Task prompt
From the listing below, please restate exactly the lines beginning at the one with "Le Groupe Fages" and ending at the one with "石畳が終ると県道に合流し、少", both included, and skip the pictures.

Given records
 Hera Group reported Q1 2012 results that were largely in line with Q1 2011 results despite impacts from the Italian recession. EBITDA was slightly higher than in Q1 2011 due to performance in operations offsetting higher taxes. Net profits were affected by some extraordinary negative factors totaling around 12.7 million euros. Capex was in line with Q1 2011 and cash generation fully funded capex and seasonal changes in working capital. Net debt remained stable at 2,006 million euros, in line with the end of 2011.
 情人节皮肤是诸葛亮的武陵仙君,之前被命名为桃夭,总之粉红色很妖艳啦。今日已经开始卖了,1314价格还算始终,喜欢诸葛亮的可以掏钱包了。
--
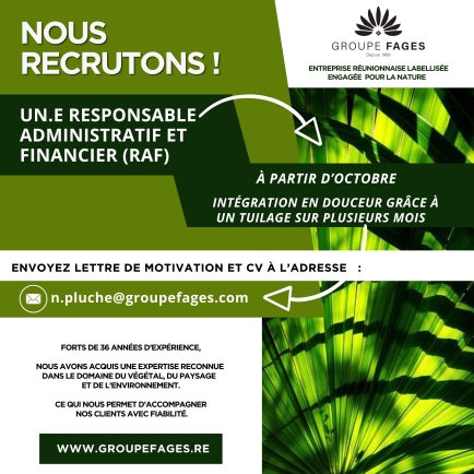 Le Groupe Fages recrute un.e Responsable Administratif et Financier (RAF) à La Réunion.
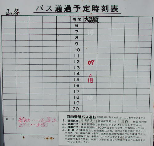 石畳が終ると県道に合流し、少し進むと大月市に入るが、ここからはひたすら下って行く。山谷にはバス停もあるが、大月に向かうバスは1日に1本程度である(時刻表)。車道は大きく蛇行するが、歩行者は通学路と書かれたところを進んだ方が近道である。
* * *
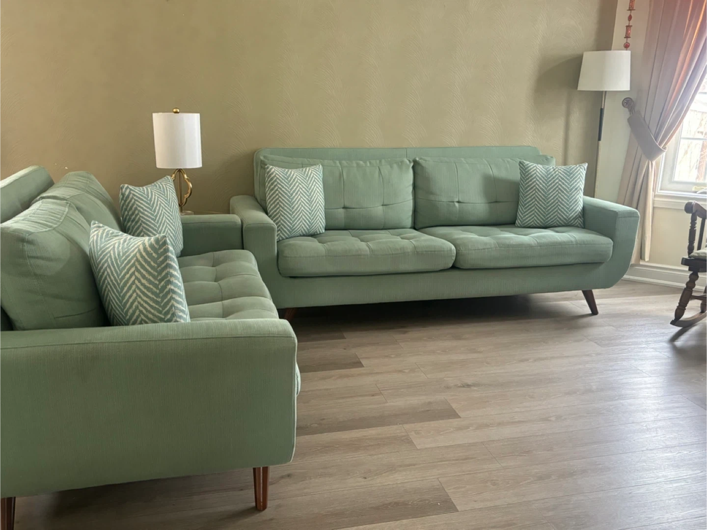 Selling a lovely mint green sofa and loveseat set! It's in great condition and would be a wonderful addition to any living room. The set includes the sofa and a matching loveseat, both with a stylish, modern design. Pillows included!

Your solution
 Le Groupe Fages recrute un.e Responsable Administratif et Financier (RAF) à La Réunion.
 石畳が終ると県道に合流し、少し進むと大月市に入るが、ここからはひたすら下って行く。山谷にはバス停もあるが、大月に向かうバスは1日に1本程度である(時刻表)。車道は大きく蛇行するが、歩行者は通学路と書かれたところを進んだ方が近道である。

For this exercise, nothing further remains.